Quando trabalhava com automação industrial, participei de projetos de extração de combustível, nas plataformas de petróleo e gás do pré-sal. Geração de energia em hidrelétricas e controle de demanda.
O que é demanda sob o ponto de vista energético? Se pensarmos em um prédio, a maioria dos apartamentos terá chuveiros elétricos, ares-condicionados, ferros de passar, grills, panelas elétricas. Isso para falar dos maiores consumidores de energia. Se todos estes equipamentos fossem ligados, por todos os moradores, ao mesmo tempo, seria o caos. Os sistemas de segurança atuariam, e se não funcionassem, os fios, transformadores, queimariam.
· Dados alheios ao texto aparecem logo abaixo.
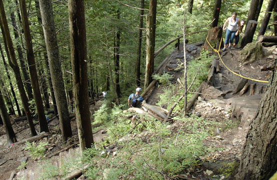 At the top of Grouse Mountain is a popular ski hill in the winter months. Even in June, there is evidence of snow on the ground. Nice restaurant/pub at the top to enjoy the great views of the beautiful city of Vancouver and your success of completing the grind. We enjoyed the Gondola ride back down the mountain! Grouse Mountain has gone green with their own wind turbine with observation deck, which is visible from downtown Vancouver. It was great to view one of them erected, after having our swivels and cable pulling eyes be used on similar projects.

É impossível dimensionar, fios, disjuntores e transformadores pensando que todo mundo irá ligar todos os equipamentos ao mesmo tempo, por isso existe um cálculo de demanda, um valor médio de consumo previsto. Seria algo como imaginar que todos os carros de uma região iriam para a estrada, no mesmo horário, em direção a outra região. Alguns já vivenciaram isso em algum feriadão em direção à praia.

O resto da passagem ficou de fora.